:: Action item ::
Set down exactly the lines from the first line of the records through the line that contains "Kaiserdom. Das neue, imposante", and leave every picture out.

------

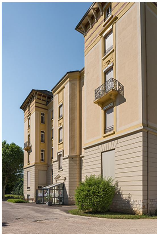
Façade nord-est avec l'entrée de l'escalier.
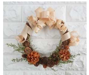
▲「Xmas リース」イメージ写真
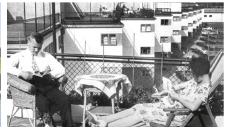
Ausstellung im Deutschen Architekturmuseum

Kaiserdom. Das neue, imposante Dom-Römer-Quartier bietet unter anderem Platz für das Struwwelpetermuseum. Nur einen Sprung von der neuen Altstadt entfernt wird bis 2019 zudem ein moderner Erweiterungstrakt am Jüdischen Museum errichtet.
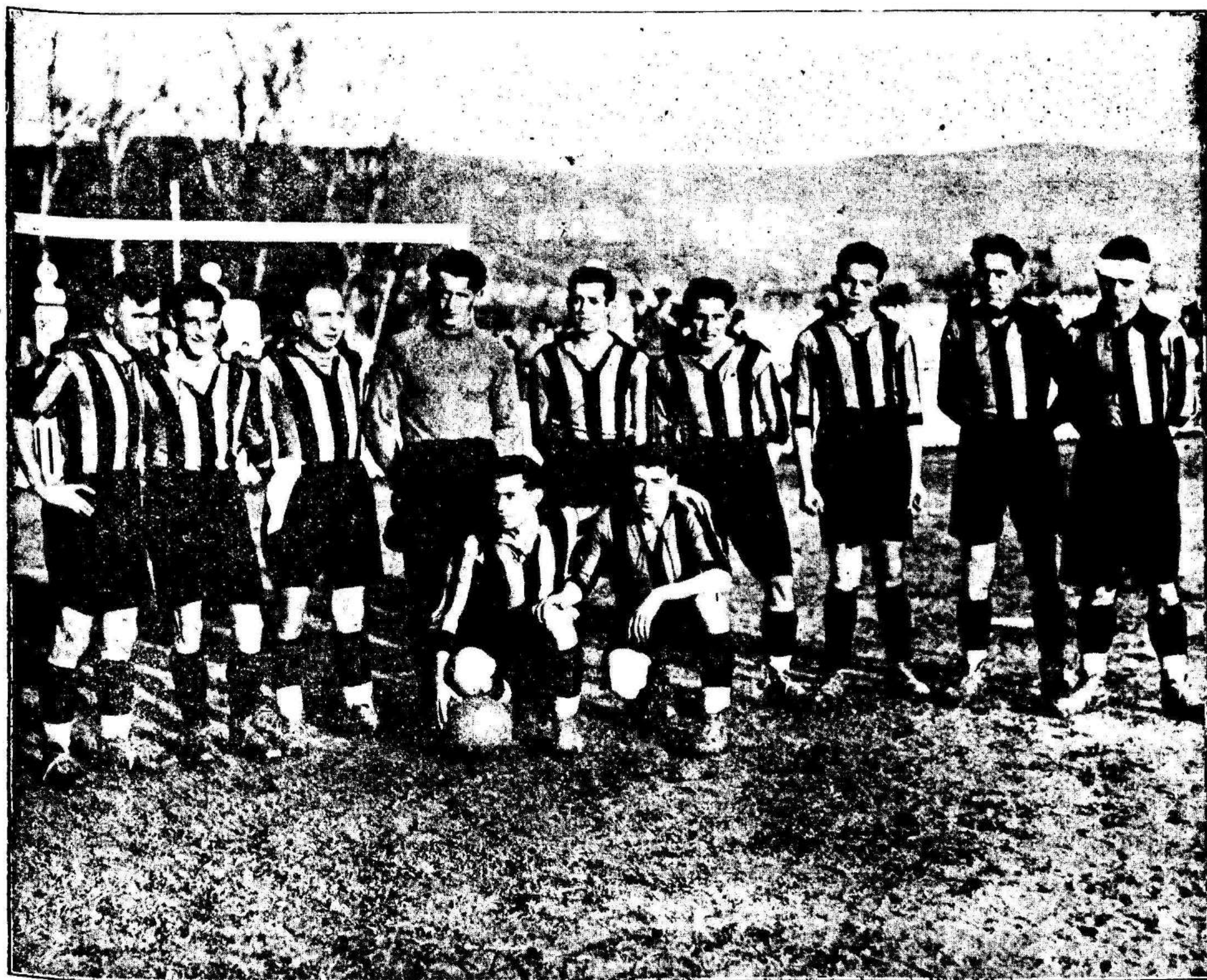
El notable equipo vizcaino que empató a dos goal con el Real Murcia el pasado sábado, en la Condomina
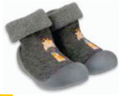
011 002P024 NIECHODKI 18, 20, 22
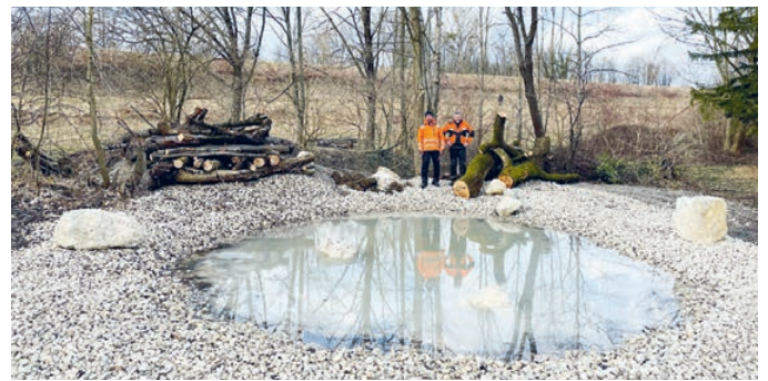
Eine Oase für Amphibien und Insekten haben Otto Fischer (r.) und Sven Fankhänel (l.) vom Bauhof entstehen lassen.

Ohne großen Aufwand und schnellentschlossen haben unsere Kollegen vom Bauhof, Otto Fischer und Sven Fankhänel, das alte Fundament des Container-Stellplatzes ausgebagert und mit Schotter eine Mulde geformt, die sich schon schnell mit Regenwasser gefüllt hat. Bis auf den Schotter und einzelne kleine Felsen mussten keine Materialien zugekauft werden. Vorhandenes Schnittgut wurde zu Totholzhaufen geschichtet und das Stammholz eines Baumes, der hatte gefällt werden müssen, gibt nun den Kleintieren ein neues Zuhause. Eine Begrünung des Biotops ist noch in Planung.
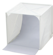
ハクバ デジカメスタジオボックス 30

------

:: Task answer ::
Façade nord-est avec l'entrée de l'escalier.
▲「Xmas リース」イメージ写真
Ausstellung im Deutschen Architekturmuseum

Kaiserdom. Das neue, imposante Dom-Römer-Quartier bietet unter anderem Platz für das Struwwelpetermuseum. Nur einen Sprung von der neuen Altstadt entfernt wird bis 2019 zudem ein moderner Erweiterungstrakt am Jüdischen Museum errichtet.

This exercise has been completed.